With so many people seeking attention from agents, publishers, and other publishing professionals, it could seem like anything you can throw at them can potentially build your case for being published. You can stand out in the crowd if you show them research about your book’s potential market, and all of the great ideas you have to reach that market. This will show you off as a professional, diligent author, right?
Actually, no.
Showing your marketing ideas to a publisher as part of your pitch will likely hurt your chances of being taken seriously more than anything.
But how can this be? Wouldn’t the publisher want to know that four million people bought your kind of book last year, and that you have over a dozen ideas of how the publisher can find those people? Aren’t they interested in knowing that you want to be part of the solution?
A lot of would-be authors I’ve spoken to or whose submission materials I’ve reviewed speak to how big their potential market is and how they have all sorts of ideas for getting their book in front of readers. They might suggest that they could go on a nationwide book-signing tour, or that they could have a Facebook party, or that they could have some straight-up traditional advertising plastered all over media. Some of them even include these ideas in their book proposals – in fact, most people include marketing ideas in their book proposals.
While doing market research is great, and having ideas is even better, there is a tremendous amount of uncertainty surrounding the act of selling content to consumers. When a publisher offers a deal to an author who isn’t in any way established in the book-related marketplace, they’re taking a tremendous risk. Remember, a publisher has to invest not only an advance but the workforce and resources necessary to make that book a reality. They would have to pay for the book tour – which is usually a losing proposition anyway.

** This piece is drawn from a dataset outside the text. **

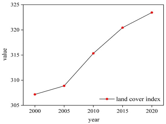 In this study, a comprehensive index of land use in Tianjin in 2000, 2005, 2010, 2015 and 2020 was calculated (Figure 7). We found that from 2000 to 2020, the comprehensive index of land use in Tianjin showed an increasing state, indicating that land use in Tianjin still has potential in terms of utilization and development.

This is why presenting a bunch of ideas of what could happen if the book deal was made is a sign that the author hasn’t actually taken the publishers’ needs into account. There is an insinuation from the author that they’re very happy to have the publisher invest all sorts of resources into supporting their book, even though that hardly even happens in traditional publishing anymore.
Publishers don’t want to know what could happen. They want to know what already has happened.

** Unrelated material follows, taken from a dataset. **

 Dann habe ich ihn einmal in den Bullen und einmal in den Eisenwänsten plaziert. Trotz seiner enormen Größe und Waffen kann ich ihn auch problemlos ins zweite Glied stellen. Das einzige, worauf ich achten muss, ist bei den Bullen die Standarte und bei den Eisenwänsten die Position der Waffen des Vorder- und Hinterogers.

In other words, for an author to make a case that they are a viable commodity – that there is a demand for their content in the marketplace – it is imperative that they don’t just have ideas, but they actually implement them before making their pitch. Not only that, but the ideas have to have worked. Has the author built their own extensive email list of people who has bought multiple products from the author in the past? That’s very good to know. Has the author successfully driven traffic through digital marketing efforts that has successfully converted browsers to customers? That’s very good to know as well. And of course there’s great value in having already made media appearances and taken other significant strides to demonstrate a shrewdness for self-promotion.

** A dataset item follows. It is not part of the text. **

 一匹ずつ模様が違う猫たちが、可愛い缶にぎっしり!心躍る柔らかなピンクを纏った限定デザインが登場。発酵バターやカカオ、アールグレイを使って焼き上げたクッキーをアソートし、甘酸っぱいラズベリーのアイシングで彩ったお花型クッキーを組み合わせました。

Perhaps the only exception to this idea is when an author is writing books for an exceptionally niche market. In the non-fiction world, an author might be writing a book on largemouth bass fishing in eastern Oregon, and a publisher would be interested in knowing that there are half a million people who do that. There might be nearly a million people who participate in a cosplay re-enactment community surrounding fantasy novels, and so a publisher might be curious to know that a novel is going to resonate with that market. But if the author says that the self-improvement industry is over $10 billion per year, that’s nice to know, but it doesn’t in any way demonstrate the author’s ability to access a piece of that.
Publishers want results, not ideas. And your value as an author is defined not by what might happen, but what will happen. The better you can instill that sense of confidence in a publishing professional, the better your chances of becoming a legitimately published author will be.